Nothing Sacred: What does it take to sell out these days?
Hey you guys,
So yesterday I got a press release trumpeting Broken, Dave Navarro's maiden foray into the exciting world of porn direction. Yes, porn direction. My first reaction was "Wow, Navarro has really sold out for good this time." But when has Navarro ever stood for anything other than shirtlessness, ugly tattoos, wearing more make-up and hair product than a Sunset Strip streetwalker and hanging out with skanks? Good Lord, the man was married to Carmen Electra, a human blow-up sex doll though there are so many artificial parts in her at this point that she's actually more like an android.
Which led me to wonder: what the hell does it take to be labeled a sell-out these days? I came of age pop-culture-wise during a grungetastic age when anyone who didn't share the ethics of Ian MacKaye or Steve Albini was considered suspect, when all it took was a jump to a major label to earn charges of being a sellout and slave to your corporate masters.
There was always something distinctly phony, self-righteous and hypocritical about all this posturing about integrity and doing it exclusively for the music. After all, punk godfathers The Clash, Sex Pistols and Ramones were all on major labels. But I feel like the pendulum has swung so far that just about everyone gets a pass. The last time I remember a groundswell of outrage about a formerly respected artist abandoning their principles was when Liz Phair morphed into a Starbucks-friendly fusion of Avril Lavigne and Sheryl Crow.
It was unthinkable to imagine Kurt Cobain doing a commercial for Pentium or American Express but Kurt Vonnegut and Elvis Costello have done ads without being crucified by the authenticity police. Hell, even Martin Scorsese does commercials for credit cards these days.
At the risk of getting on my lefty soapbox here I find it disconcerting that so many respected artists happily get into bed with parasitic credit card companies whose livelihoods depend on keeping huge chunks of the country mired in debt on a more or less permanent basis. Credit card companies exist so that people can buy things they don't need with money they don't have. I highly recommend the documentary Maxed Out for more information/anti-credit-card slogan sloganeering. Sure the commercials are cute and more than a little artful but that doesn't make the product they're selling any less noxious.

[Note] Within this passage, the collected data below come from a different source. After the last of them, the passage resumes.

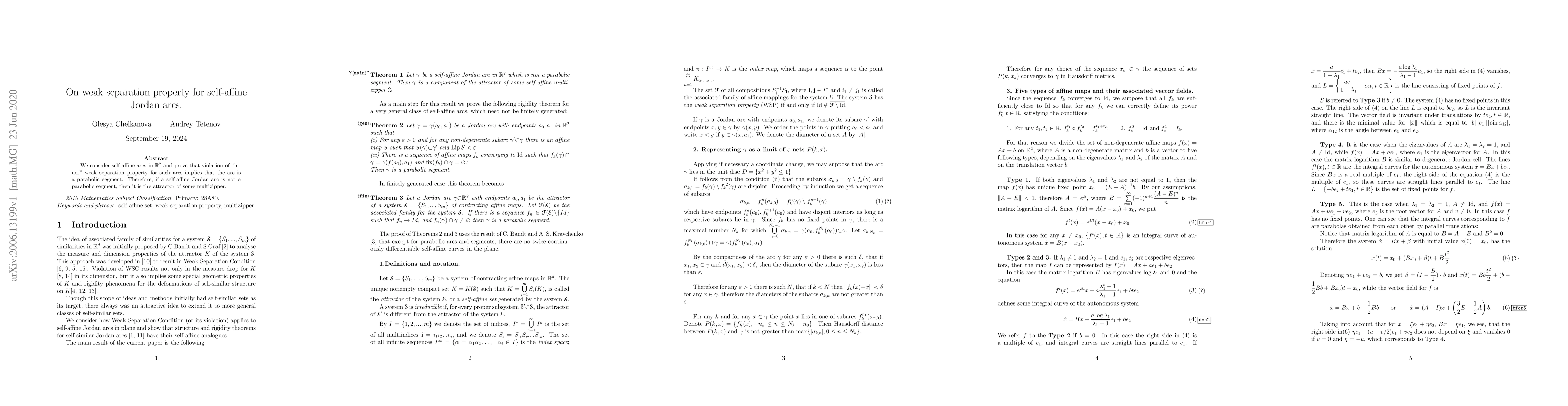 A self-affine Jordan arc in $eta R^2$ is either a parabolic segment or an attractor of some multizipper if it does not violate the inner weak separation property.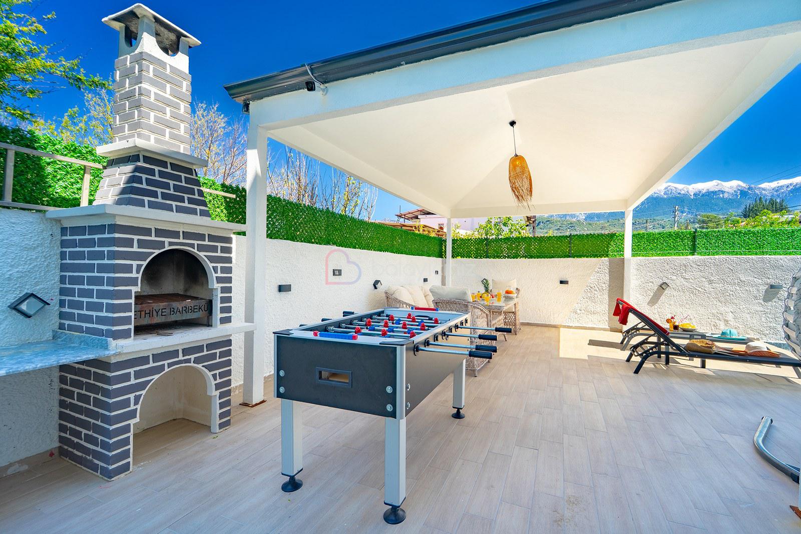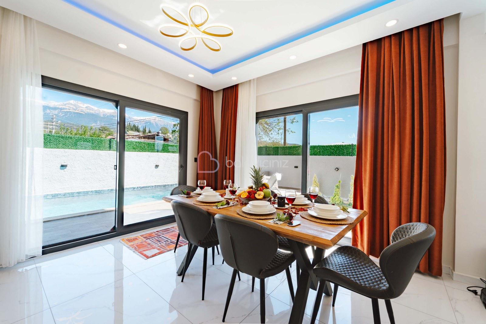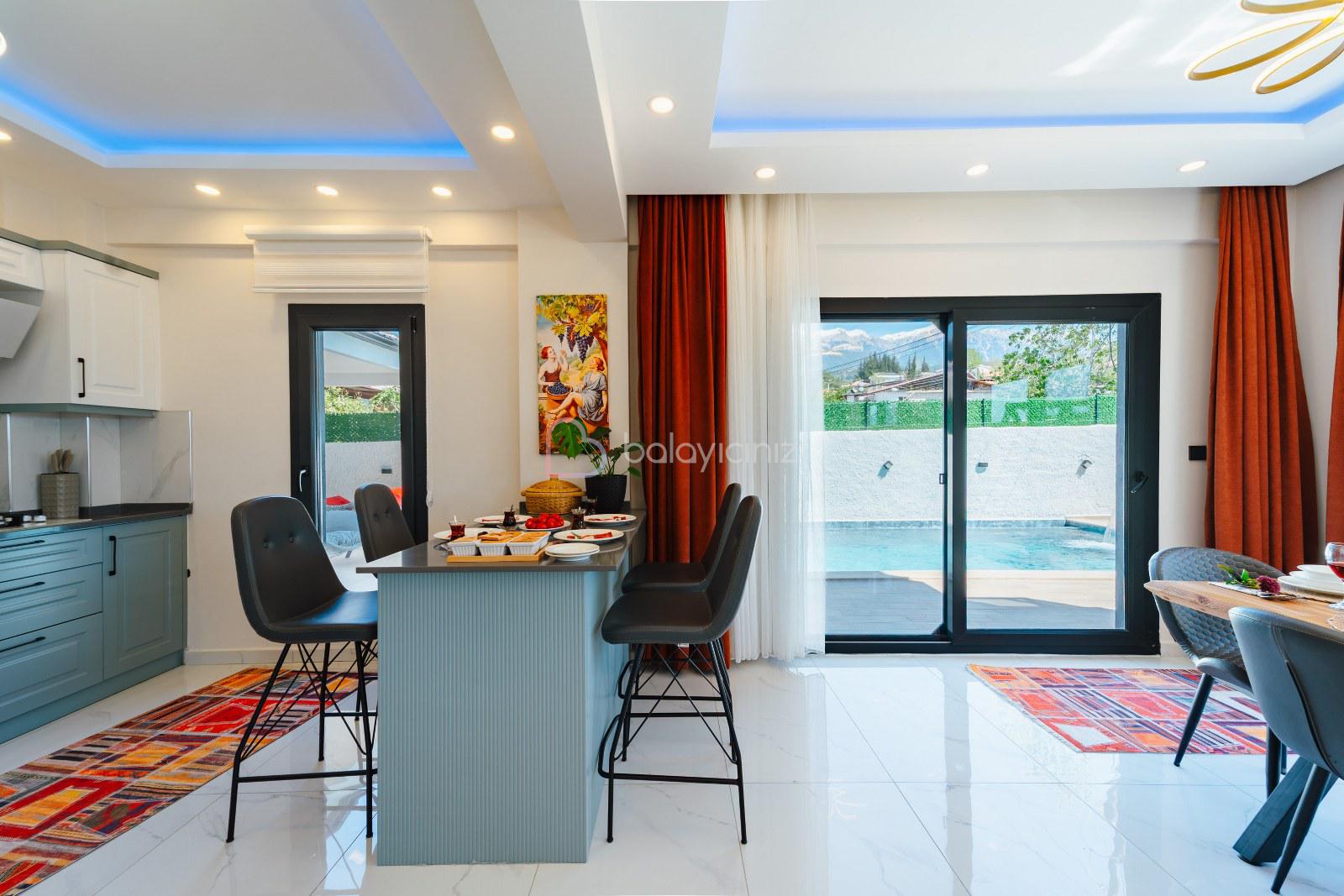 Villa Bella Döğer, Fethiye / Seydikemer bölgesinde doğa içerisinde konumlanan müstakil bahçesinde çocuk oyun alanı ve langırt bulunan muhafazakar villamızdır. Modern mimariye sahip bu villamızda 4 adet yatak odası ile 8 kişi konaklama kapasitesine sahiptir. Yemyeşil bir atmasforde geniş bahçe ve havuz alanına sahip olan Villa Bella Döğer, rahatlık ve konfor ön planda tutularak dizayn edilmiştir. Ferah salonlu ile tam donanımlı mutfağı ile ihtiyacınız olan her şey düşünülmüştür. Geniş aileler, kalabalık arkadaş grupları için ideal bir seçenek olup sizlere sadece unutulmaz bir tatilin tadını çıkarmak kalıyor.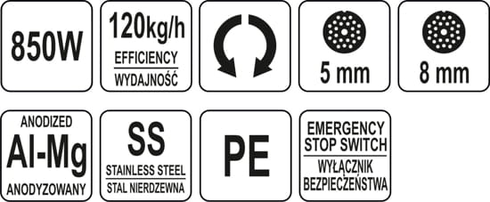 Wilk marki YATO posiada silnik o mocy 1100W, który umożliwia zmielenie 220kg mięsa w ciągu godziny. Dodatkowo posiada funkcję rewersu co znacząco ułatwia odkręcenie sitka i wyciągnięcie całego mechanizmu tnącego.
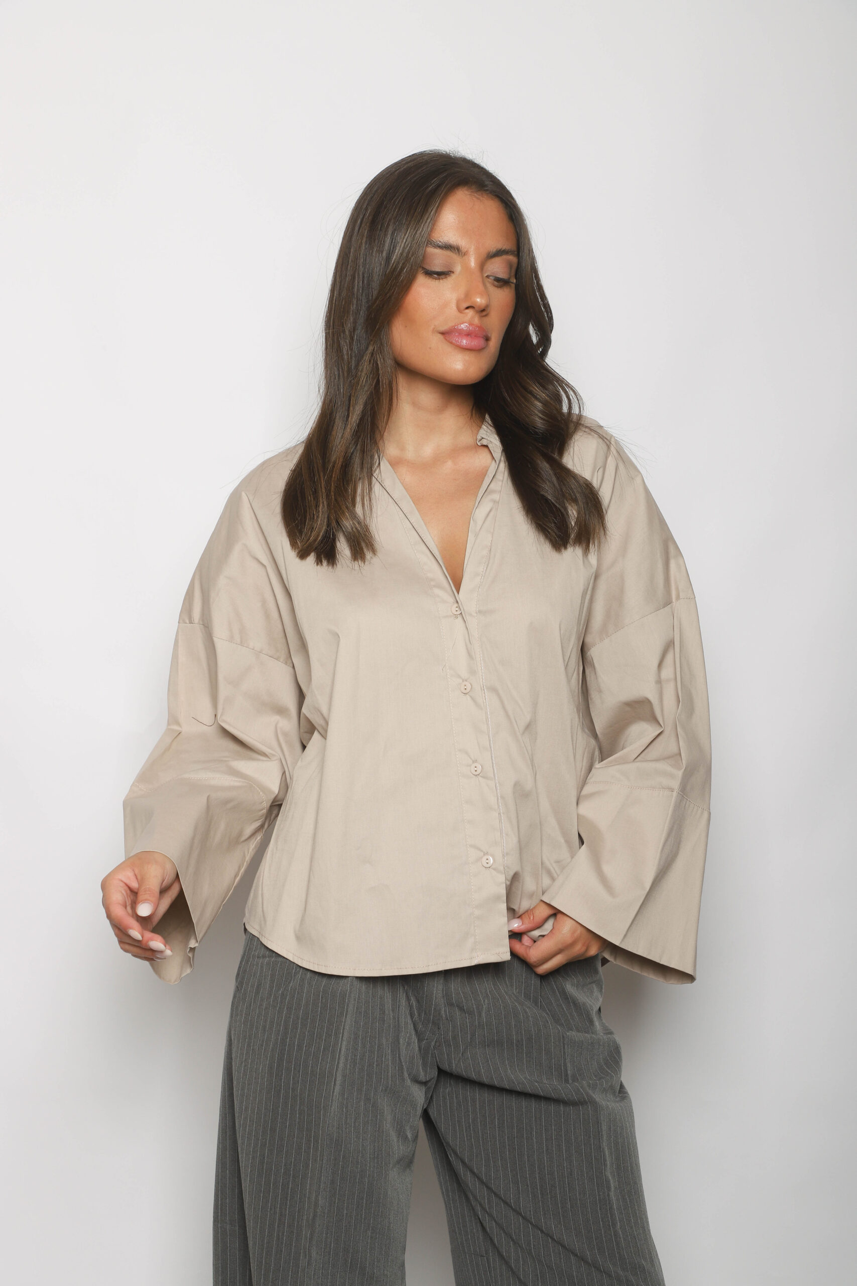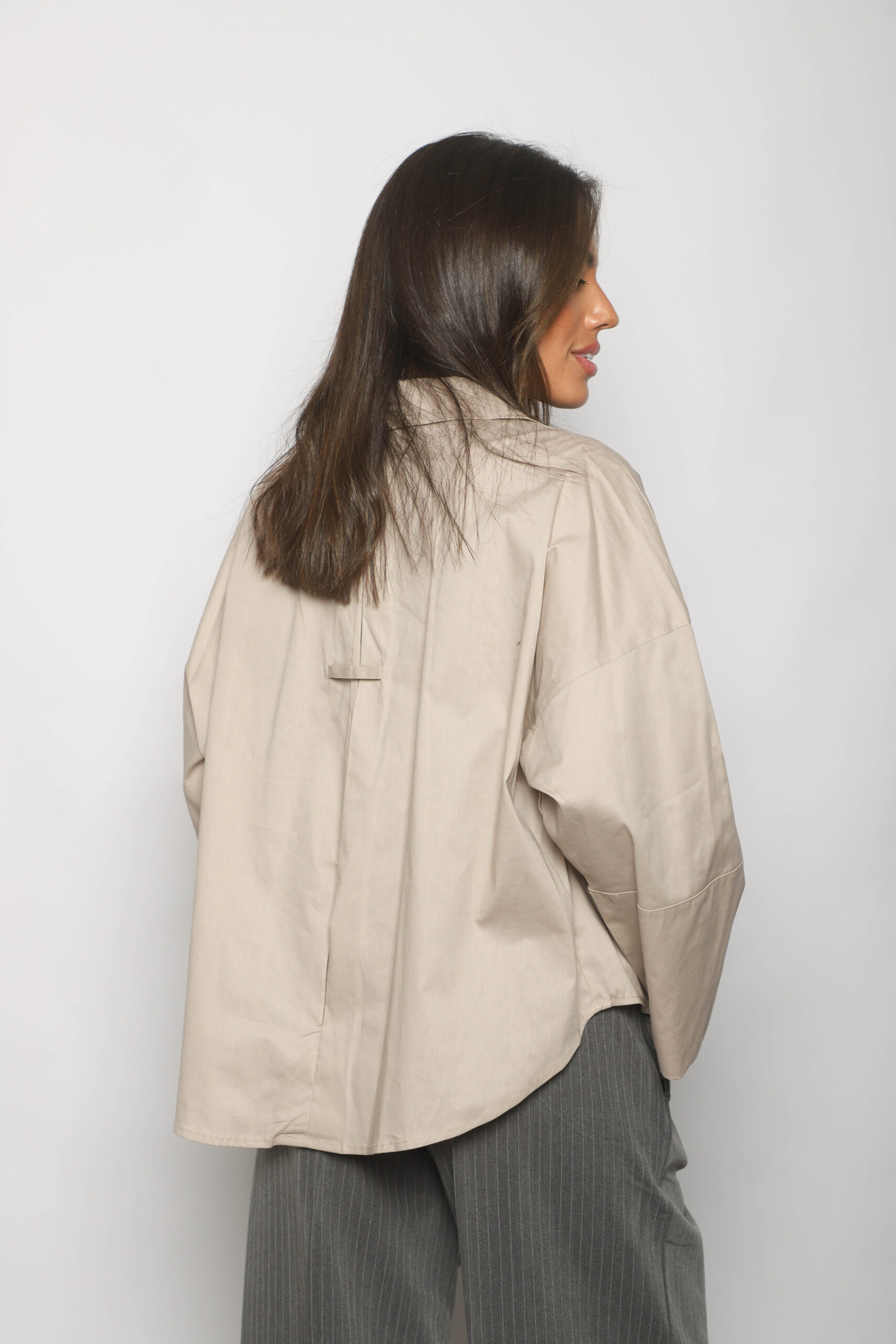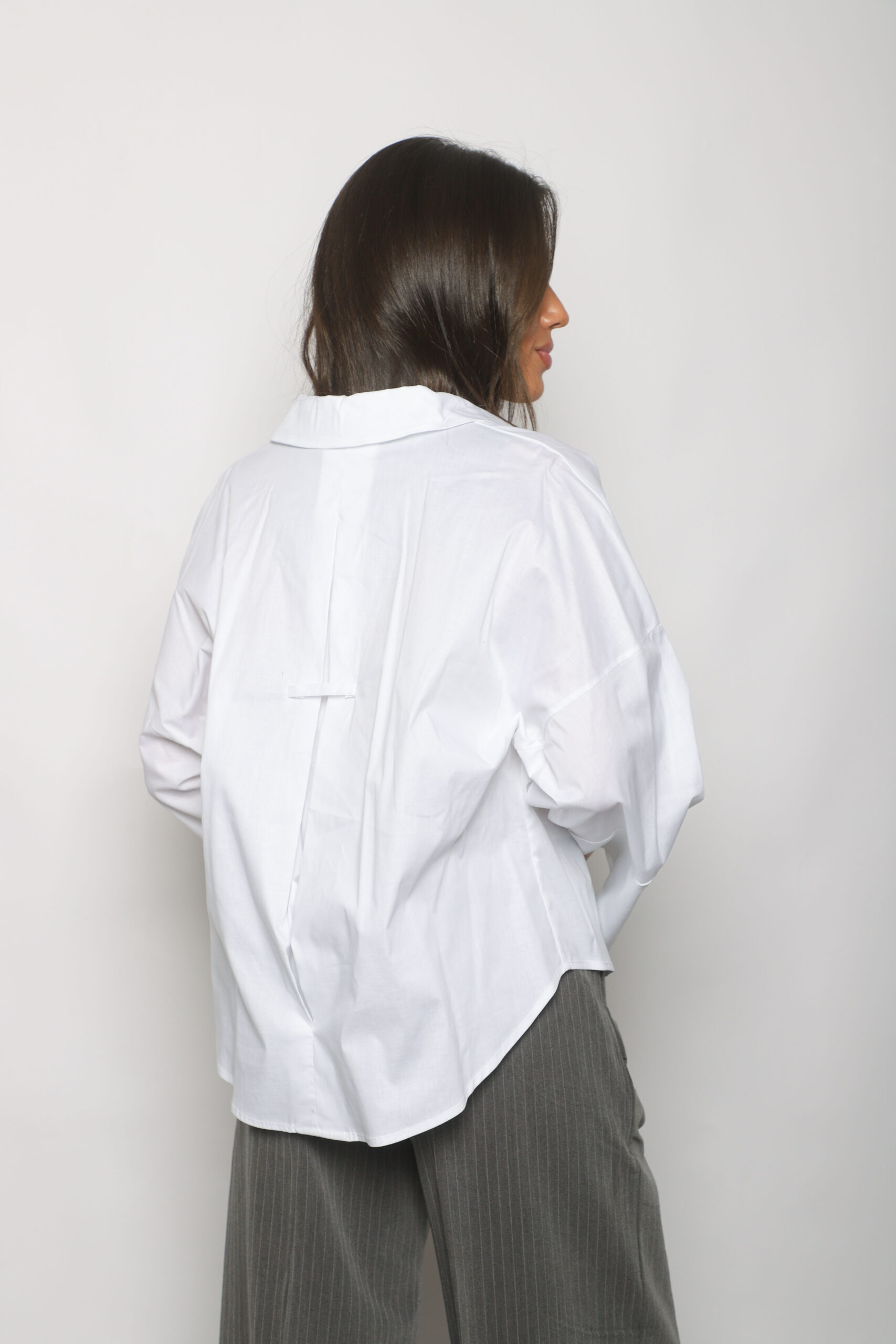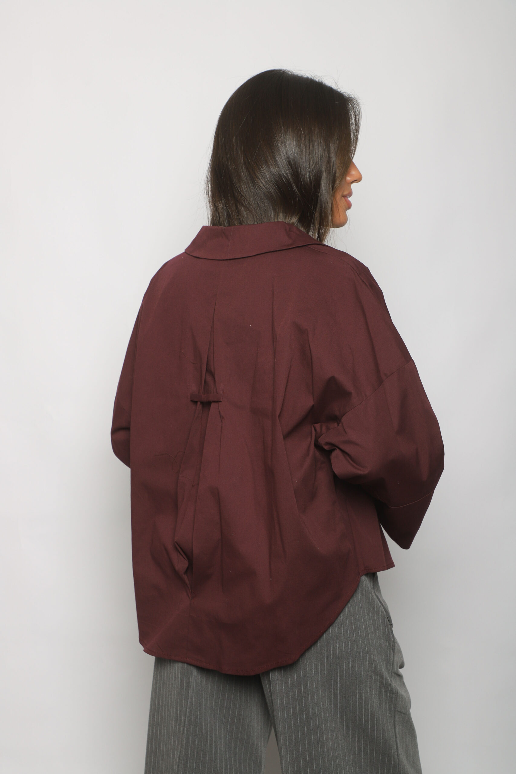 Descripci贸n: Camisa oversized con corte a la cadera y escote en V, tiene mangas anchas y detalle en la espalda de una tabla confeccionada para adentro en todo el largo y una tirita uniendo ambos lados.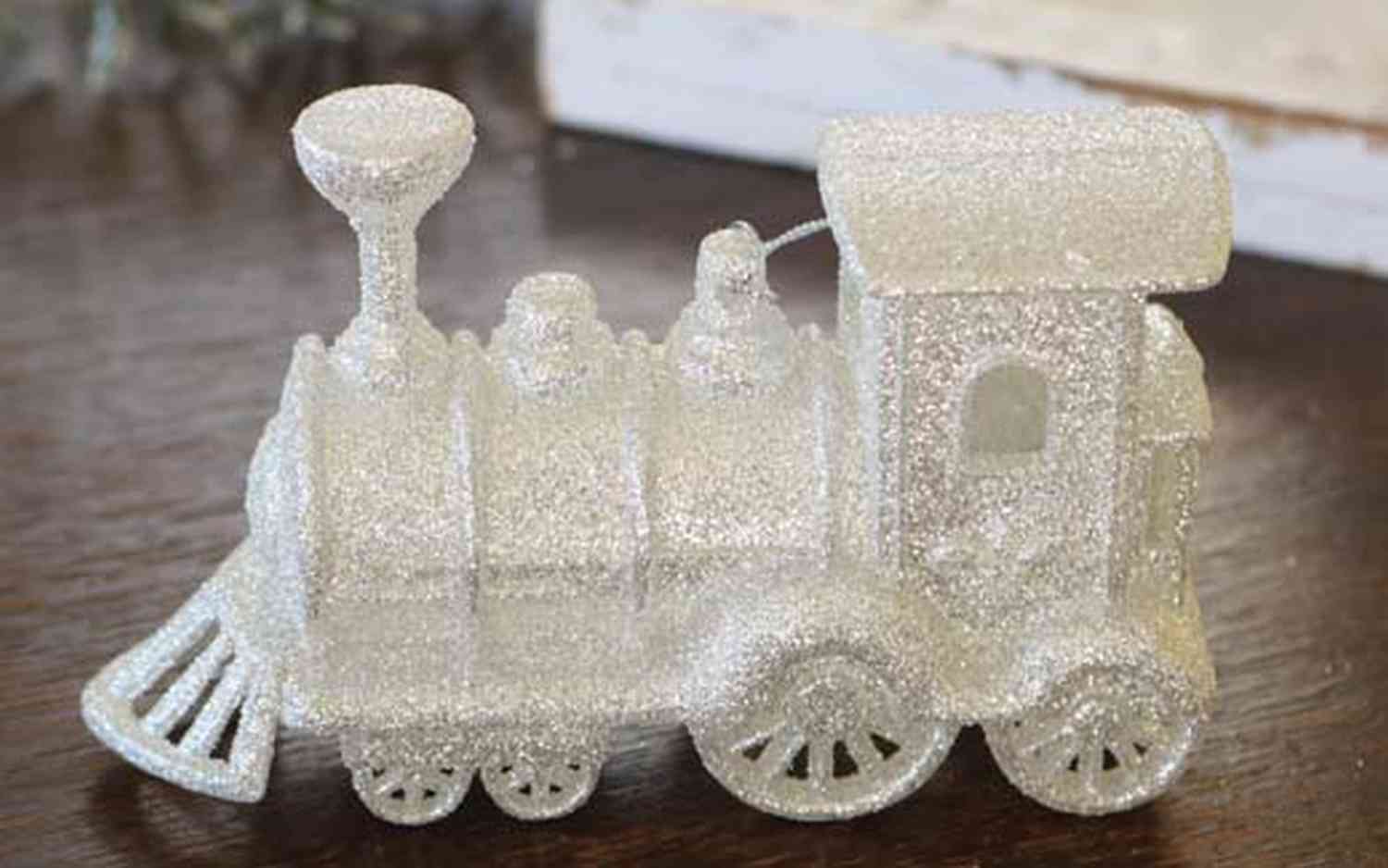 Pendentif acrylique locomotive GEREON, paillettes, blanc-argent, 12x7cm

Here's my question to you, dear reader, what does it mean to be a sellout in 2007? Is it a phrase that still has any resonance? Does it cheapen our deep, emotional relationship with songs and movies and moviemakers we love to see them used to sell hair dye or credit cards or beer? Does art ultimately belong to fans, artists or the sinister corporations that distribute and exploit them? Discuss. Incidentally, my favorite part of the Broken press release is where it boasts that Navarro's film "stands alone, and in many ways literally defines originality". So apparently the Webster's definition of "originality" will be super-imposed over at least one cum shot. So it's got that going for it.